Every link set has exactly one root prim and one or more child prims. The root is the "brain" of the object -- its position defines where the object is, its name is the object's name, and its permissions govern the whole set.
A table link set: the tabletop is the root, the four legs are children.
The last prim you select before pressing Ctrl+L becomes the root. This is important because:
Think about which prim is the most important or central part of your creation. For a table, the tabletop is a natural root. For a door, the frame is usually the root (since it stays still while the panel swings). For a vehicle, pick the main body -- the part everything else attaches to.
Every prim in a link set is assigned a link number. These numbers are how scripts refer to specific parts of the object.
Scripts use link numbers to target specific prims. A script in the root can say "change link 3 to red" and only that specific child changes. A script in a child can send a message to the root by targeting link 1. There are also shortcuts:
When you click a linked object in build mode, you select the entire set. The Build Panel shows the root prim's properties, and the gizmo moves the whole object.
To select an individual child prim within the set, hold Shift and click that specific part. The Build Panel switches to show that child's properties -- its name, color, shape parameters, and so on. The gizmo now moves only that child within the set, leaving everything else in place.
This is how you fine-tune individual parts after linking. Adjust a table leg's position, change one wall panel's color, or resize a single button on a control panel -- all without unlinking.
Build a flat box for the tabletop. Build four narrow boxes for the legs. Position the legs under the corners of the top. Select all four legs first (Shift+click each one), then Shift+click the tabletop last. Press Ctrl+L. The tabletop is the root because it was selected last. Name it "Table" in the Own tab. Done -- you have a table you can move, copy, and share as one object.
Build a box for the door frame and another box for the door panel. Position the panel inside the frame. Select the panel first, then Shift+click the frame. Press Ctrl+L. The frame becomes root (selected last). Put a script in the frame that listens for a click, then sends a message to link 2 (the panel) telling it to rotate open. The panel's script receives the message and swings.
Build a large flat box for the sign background. Build smaller boxes or planes for decorative borders or mounting brackets. Paint each piece a different color. Link them all together with the sign face as root. Now you have a single "Sign" object that you can place anywhere, and all the pieces stay perfectly aligned.

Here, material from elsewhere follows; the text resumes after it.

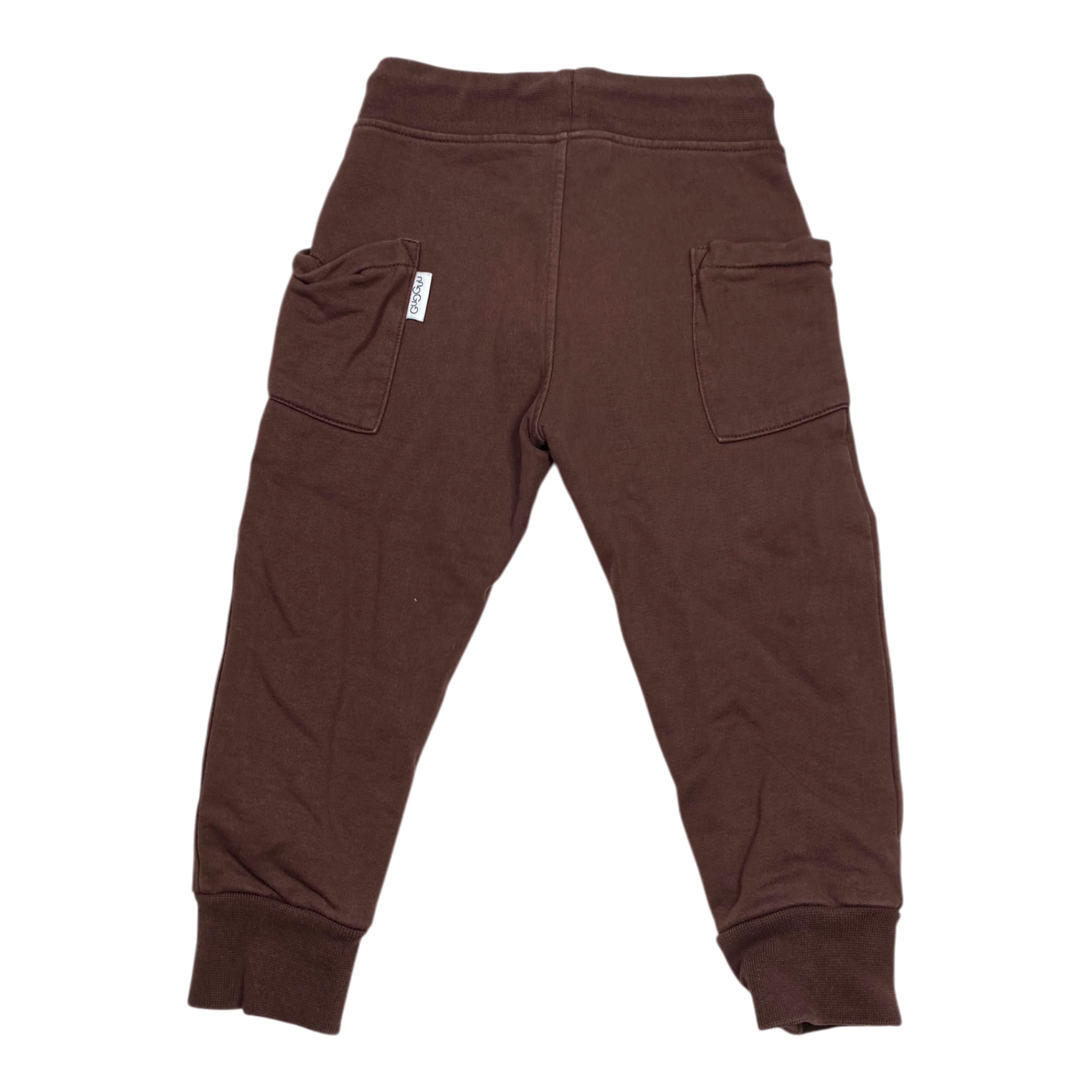 Gugguu sweatpants with an elastic waistband and small pockets. The original color has faded off.
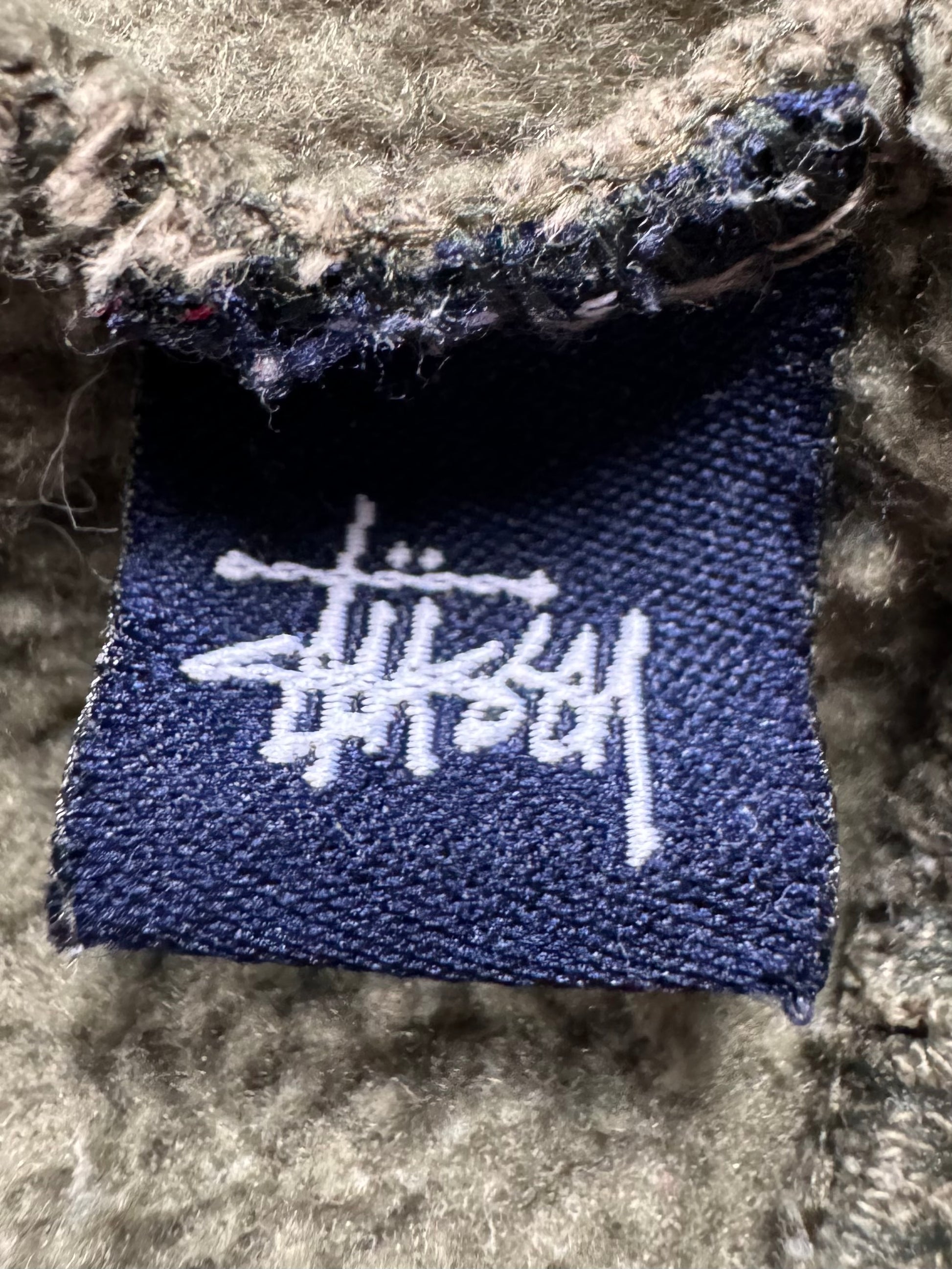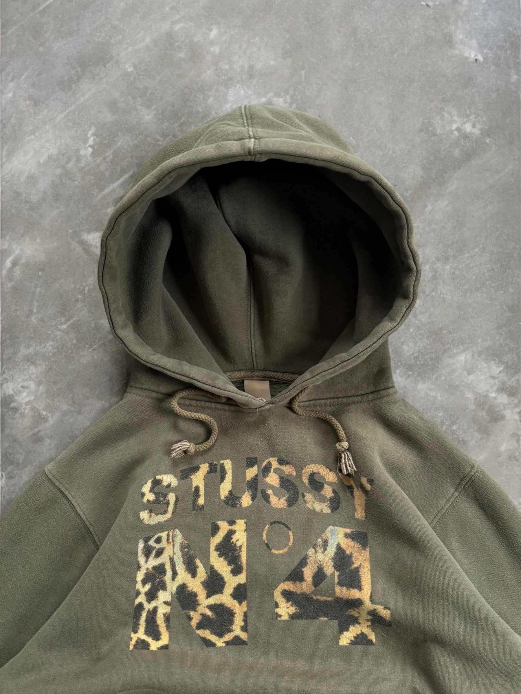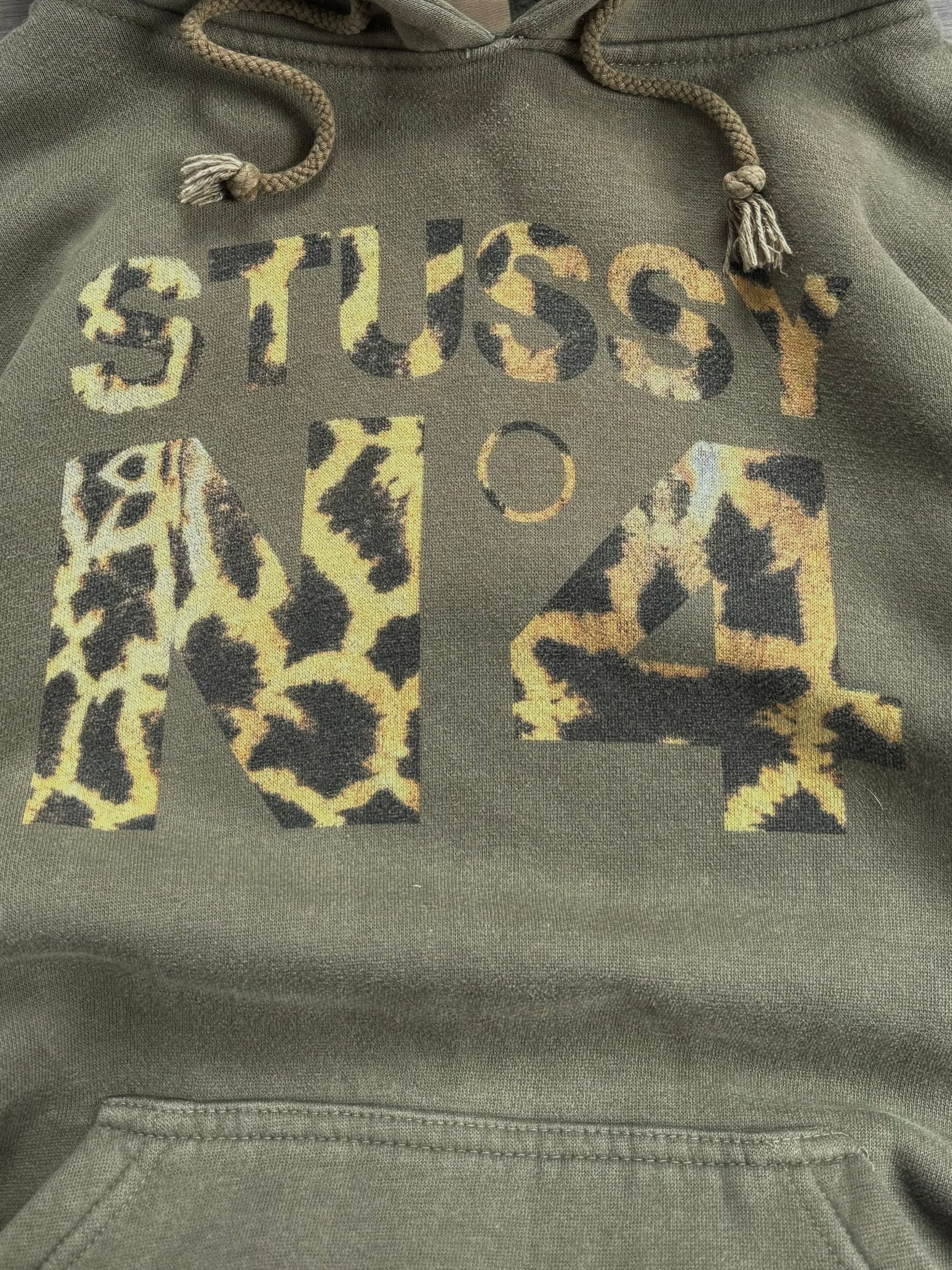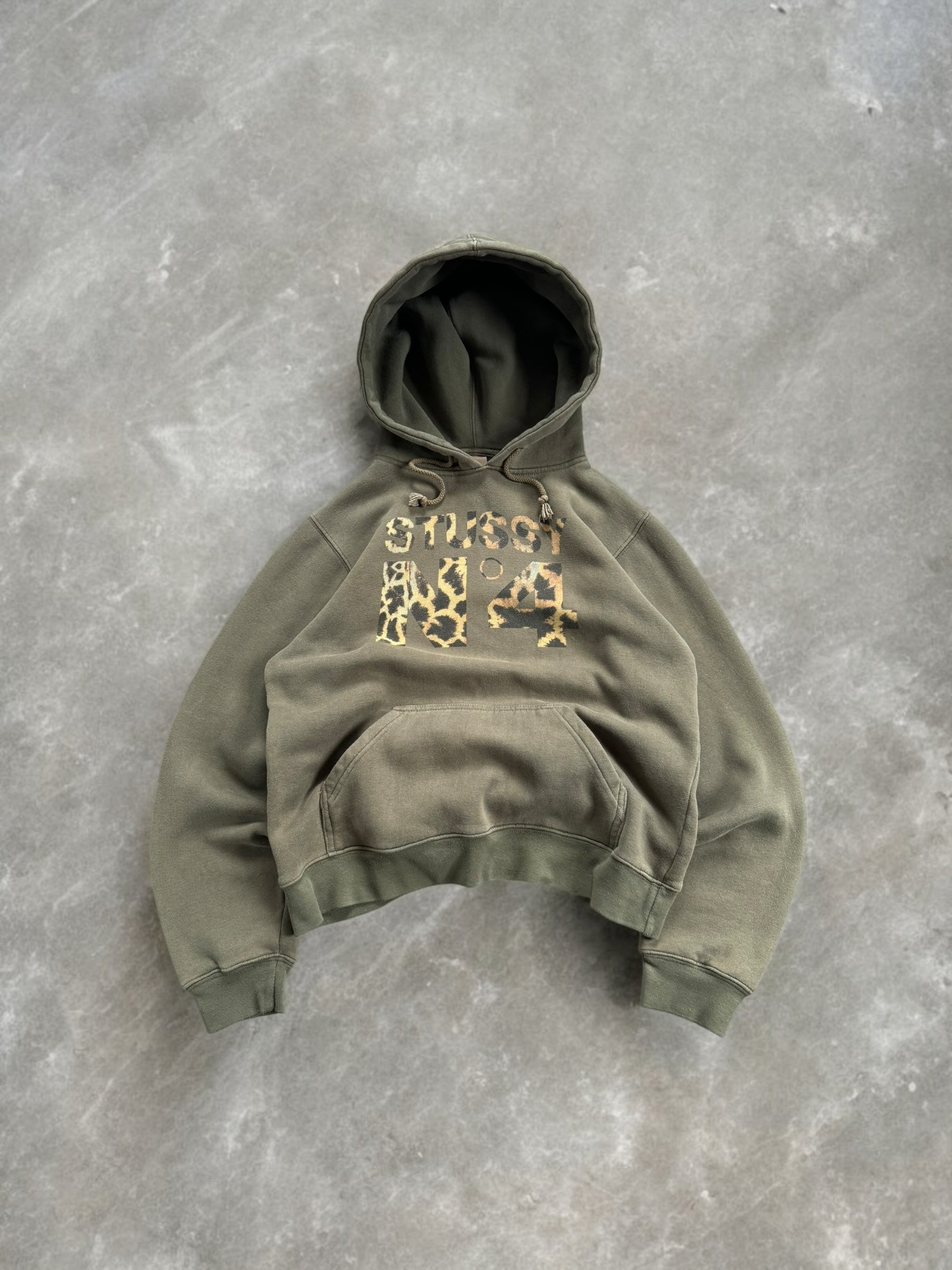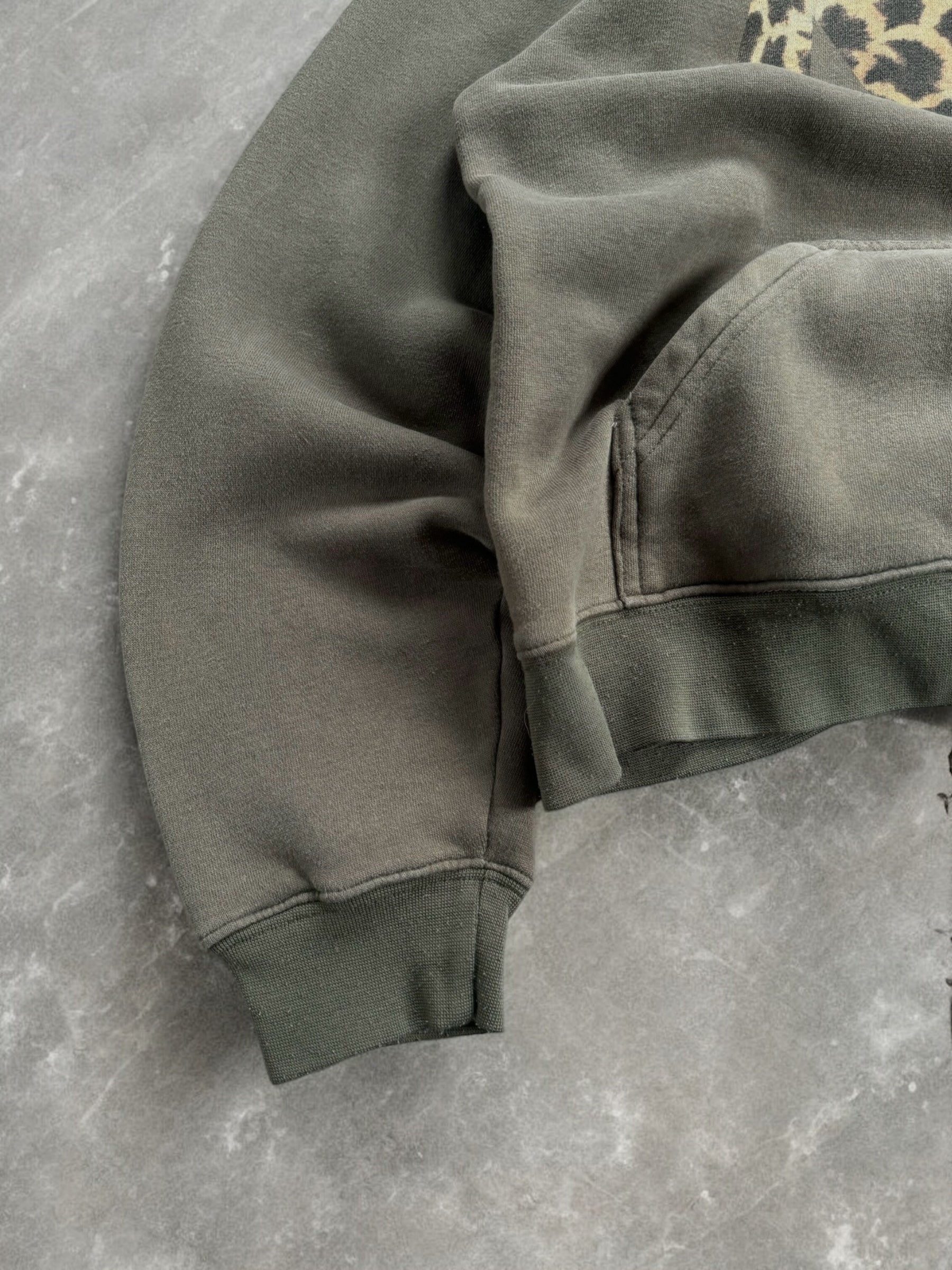 Vintage 2000's khaki green Stussy women’s leopard print hoodie (M)

Build the body, wheels, seats, and any decorative parts as separate prims. Position everything where it belongs. Select all the parts, with the main body selected last (making it root). Link. A driving script in the root prim controls the whole vehicle. It can send messages to the wheel prims to spin them, to the seat prims to pose sitting avatars, and to lights to turn them on and off.
Linking does not change any prim's shape, color, or script. It only creates a relationship between them. Here is what changes and what stays the same:
Once prims are linked, scripts inside them can communicate using link messages. This is the most important scripting feature that linking enables. A link message contains:
This messaging system is scoped to the link set. Scripts in other objects cannot eavesdrop or interfere. It is private, fast, and the standard way to build interactive multi-part objects.